#### DATA FOR PROCESSING:
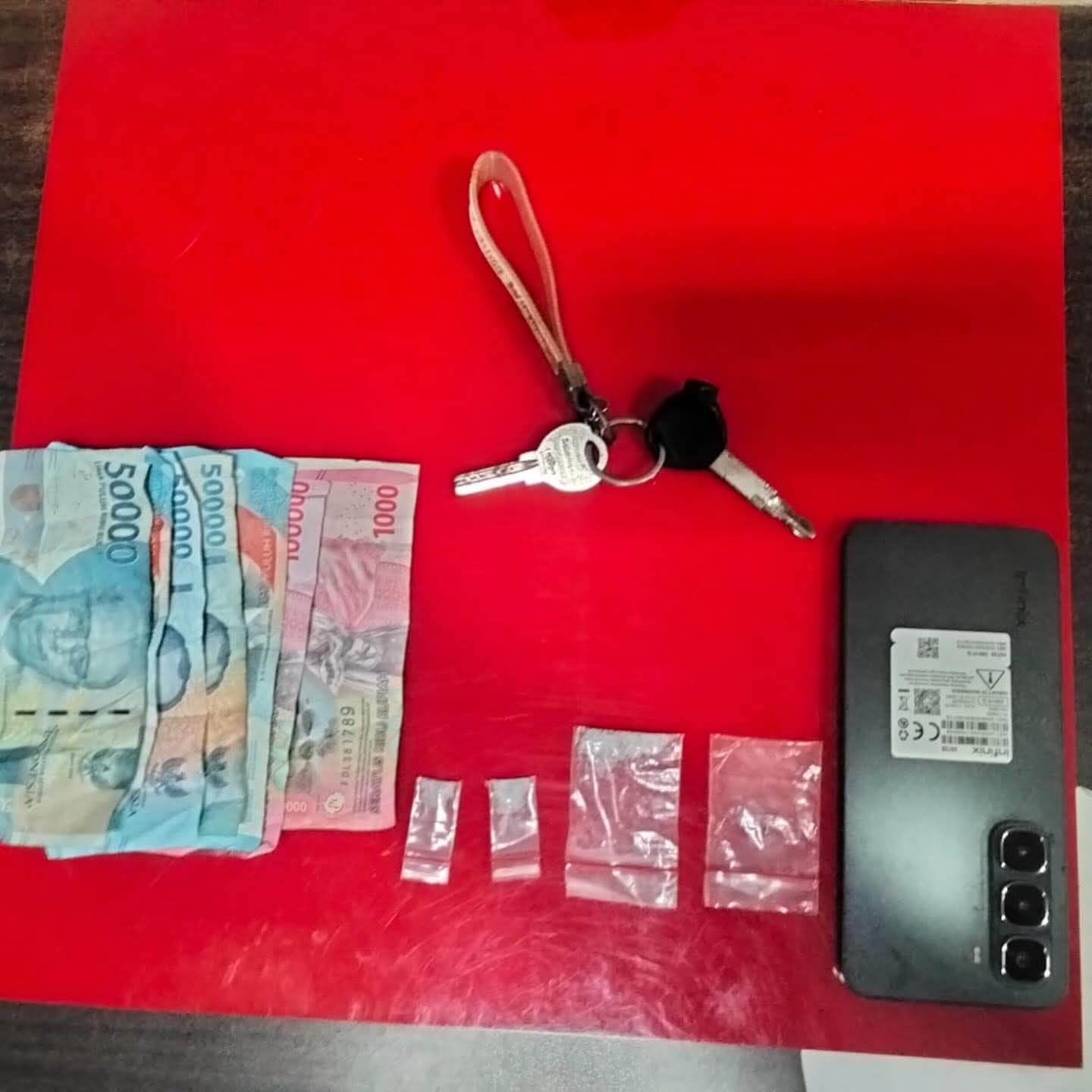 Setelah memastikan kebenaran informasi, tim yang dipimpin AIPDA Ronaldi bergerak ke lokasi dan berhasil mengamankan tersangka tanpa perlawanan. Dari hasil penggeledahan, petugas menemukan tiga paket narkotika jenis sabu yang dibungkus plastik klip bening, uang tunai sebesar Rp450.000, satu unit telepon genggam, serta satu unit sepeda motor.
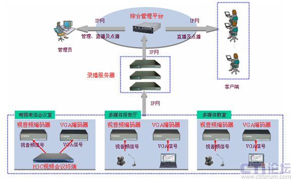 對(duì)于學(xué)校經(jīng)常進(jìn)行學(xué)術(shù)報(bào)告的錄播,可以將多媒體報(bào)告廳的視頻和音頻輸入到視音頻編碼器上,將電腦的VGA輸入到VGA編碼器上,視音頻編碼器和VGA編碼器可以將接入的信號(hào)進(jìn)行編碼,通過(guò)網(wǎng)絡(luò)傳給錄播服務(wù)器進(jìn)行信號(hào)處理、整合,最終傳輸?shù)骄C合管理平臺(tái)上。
==
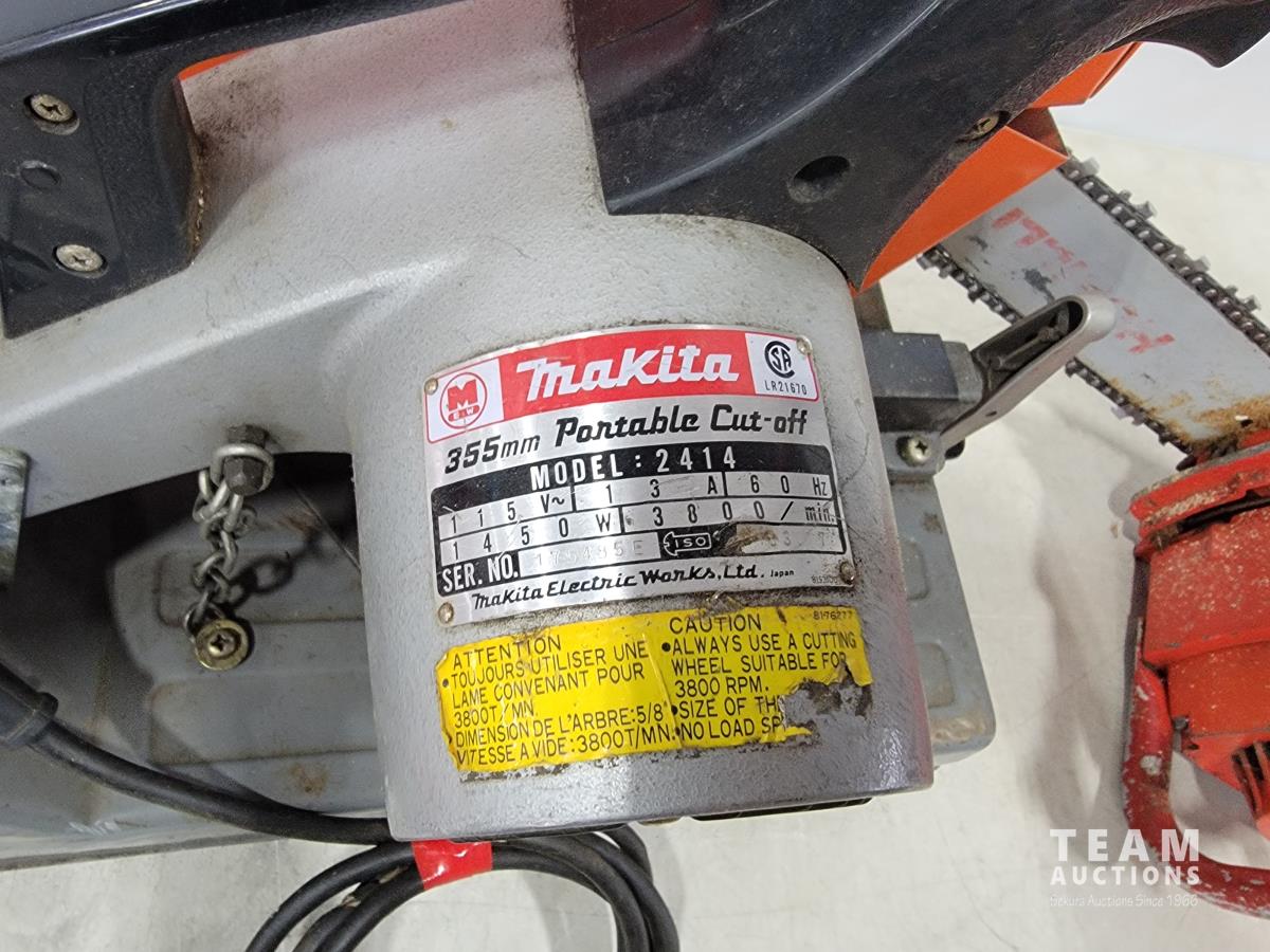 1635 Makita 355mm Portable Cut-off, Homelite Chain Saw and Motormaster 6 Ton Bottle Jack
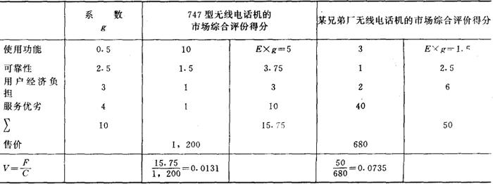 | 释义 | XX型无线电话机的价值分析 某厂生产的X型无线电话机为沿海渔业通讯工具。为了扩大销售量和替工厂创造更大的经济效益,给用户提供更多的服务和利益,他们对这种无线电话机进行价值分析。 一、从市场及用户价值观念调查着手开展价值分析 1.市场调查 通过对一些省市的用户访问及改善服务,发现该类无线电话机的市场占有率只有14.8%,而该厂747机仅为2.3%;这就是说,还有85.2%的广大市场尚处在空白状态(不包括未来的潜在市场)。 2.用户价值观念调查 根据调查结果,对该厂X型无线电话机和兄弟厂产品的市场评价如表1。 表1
==
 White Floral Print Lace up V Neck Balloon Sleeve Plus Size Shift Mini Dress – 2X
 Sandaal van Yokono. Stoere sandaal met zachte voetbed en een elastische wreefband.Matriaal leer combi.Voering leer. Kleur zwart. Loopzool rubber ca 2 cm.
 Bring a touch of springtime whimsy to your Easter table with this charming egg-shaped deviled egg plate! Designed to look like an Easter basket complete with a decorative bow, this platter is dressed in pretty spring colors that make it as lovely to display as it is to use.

#### WHAT TO PRODUCE:
Out of the data above, set down the lines from the one with "White Floral Print" to the one with "Bring a touch", both included, exactly as written and with no additions.

#### SOLUTION TO THIS EXERCISE:
 White Floral Print Lace up V Neck Balloon Sleeve Plus Size Shift Mini Dress – 2X
 Sandaal van Yokono. Stoere sandaal met zachte voetbed en een elastische wreefband.Matriaal leer combi.Voering leer. Kleur zwart. Loopzool rubber ca 2 cm.
 Bring a touch of springtime whimsy to your Easter table with this charming egg-shaped deviled egg plate! Designed to look like an Easter basket complete with a decorative bow, this platter is dressed in pretty spring colors that make it as lovely to display as it is to use.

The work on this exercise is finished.